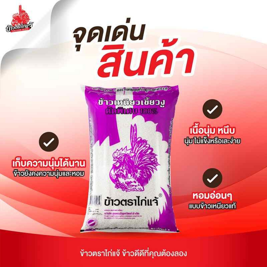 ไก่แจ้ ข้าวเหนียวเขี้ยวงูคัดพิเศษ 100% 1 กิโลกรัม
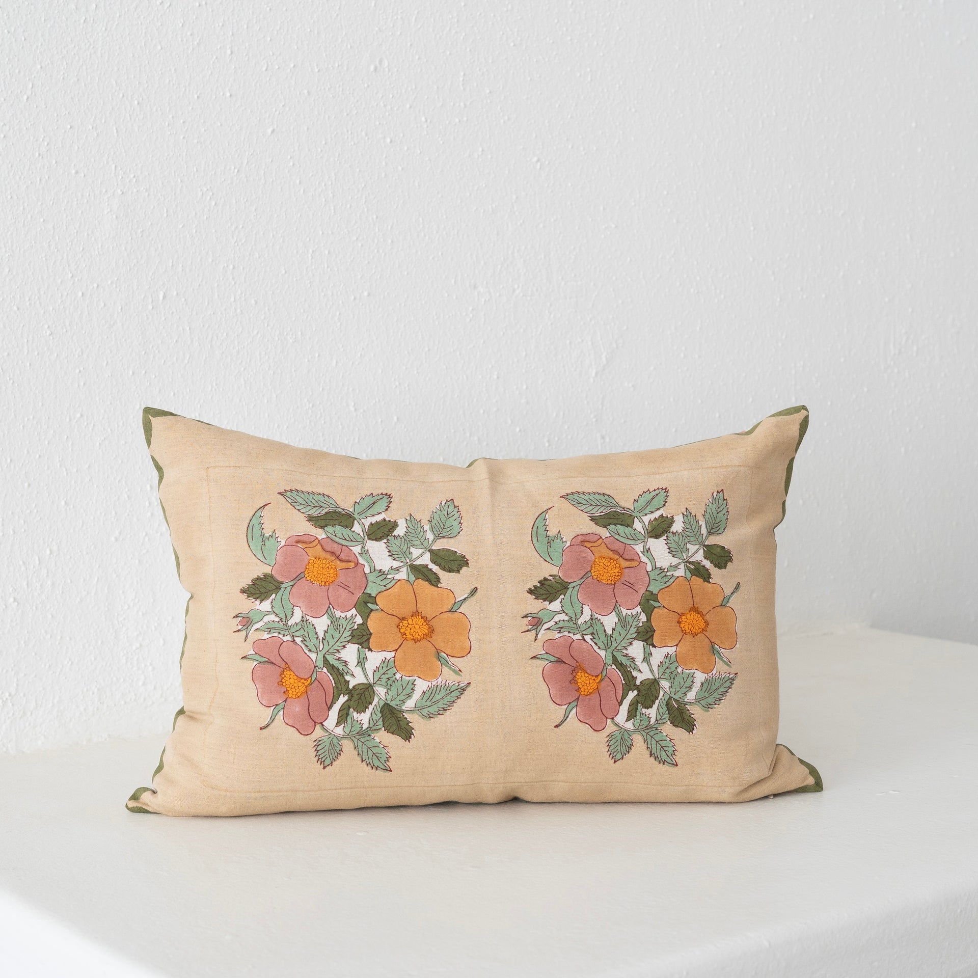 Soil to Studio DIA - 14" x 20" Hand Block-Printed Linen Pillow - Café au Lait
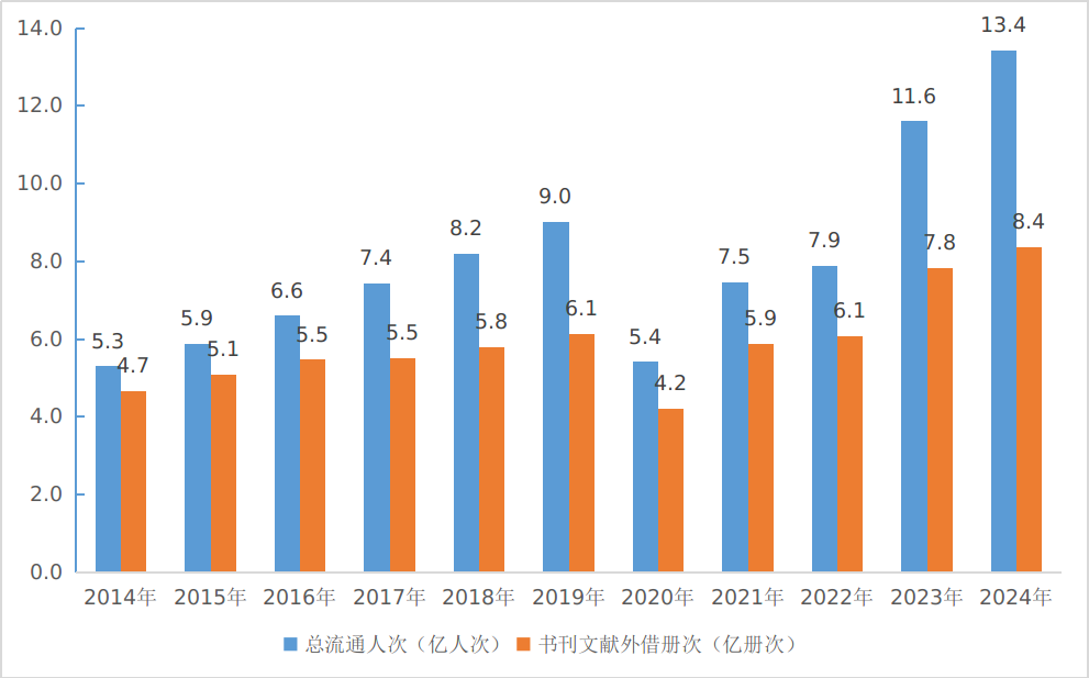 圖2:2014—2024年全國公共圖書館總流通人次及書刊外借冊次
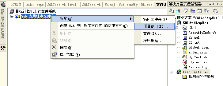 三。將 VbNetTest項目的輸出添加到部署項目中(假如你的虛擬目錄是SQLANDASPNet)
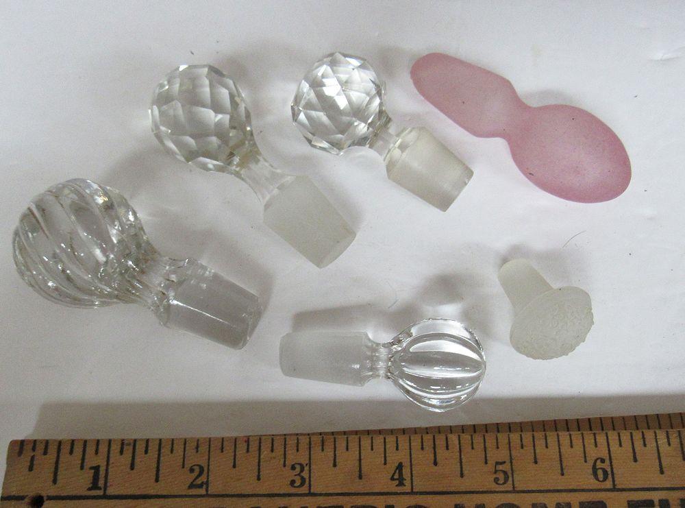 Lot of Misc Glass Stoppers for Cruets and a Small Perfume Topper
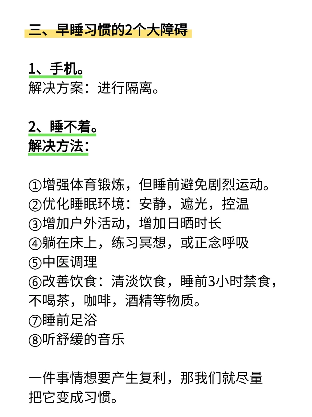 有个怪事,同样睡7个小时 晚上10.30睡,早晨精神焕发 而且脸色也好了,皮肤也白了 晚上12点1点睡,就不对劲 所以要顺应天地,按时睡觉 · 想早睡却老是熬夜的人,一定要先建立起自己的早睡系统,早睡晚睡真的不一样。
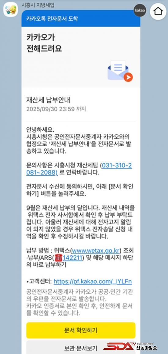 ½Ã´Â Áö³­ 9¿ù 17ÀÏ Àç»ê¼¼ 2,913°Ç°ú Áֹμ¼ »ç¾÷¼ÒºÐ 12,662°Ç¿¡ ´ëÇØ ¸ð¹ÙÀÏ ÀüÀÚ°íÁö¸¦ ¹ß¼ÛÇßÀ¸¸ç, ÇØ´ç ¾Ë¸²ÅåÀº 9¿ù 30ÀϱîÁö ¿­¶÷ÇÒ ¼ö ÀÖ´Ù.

☆ ☆ ☆ ☆ ☆ ☆ ☆

ASSIGNMENT: Everything in the data above gets copied exactly. Only the pictures are skipped.

RESPONSE TO THE TASK:
 ไก่แจ้ ข้าวเหนียวเขี้ยวงูคัดพิเศษ 100% 1 กิโลกรัม
 Soil to Studio DIA - 14" x 20" Hand Block-Printed Linen Pillow - Café au Lait
 圖2:2014—2024年全國公共圖書館總流通人次及書刊外借冊次
 三。將 VbNetTest項目的輸出添加到部署項目中(假如你的虛擬目錄是SQLANDASPNet)
 Lot of Misc Glass Stoppers for Cruets and a Small Perfume Topper
 有个怪事,同样睡7个小时 晚上10.30睡,早晨精神焕发 而且脸色也好了,皮肤也白了 晚上12点1点睡,就不对劲 所以要顺应天地,按时睡觉 · 想早睡却老是熬夜的人,一定要先建立起自己的早睡系统,早睡晚睡真的不一样。
 ½Ã´Â Áö³­ 9¿ù 17ÀÏ Àç»ê¼¼ 2,913°Ç°ú Áֹμ¼ »ç¾÷¼ÒºÐ 12,662°Ç¿¡ ´ëÇØ ¸ð¹ÙÀÏ ÀüÀÚ°íÁö¸¦ ¹ß¼ÛÇßÀ¸¸ç, ÇØ´ç ¾Ë¸²ÅåÀº 9¿ù 30ÀϱîÁö ¿­¶÷ÇÒ ¼ö ÀÖ´Ù.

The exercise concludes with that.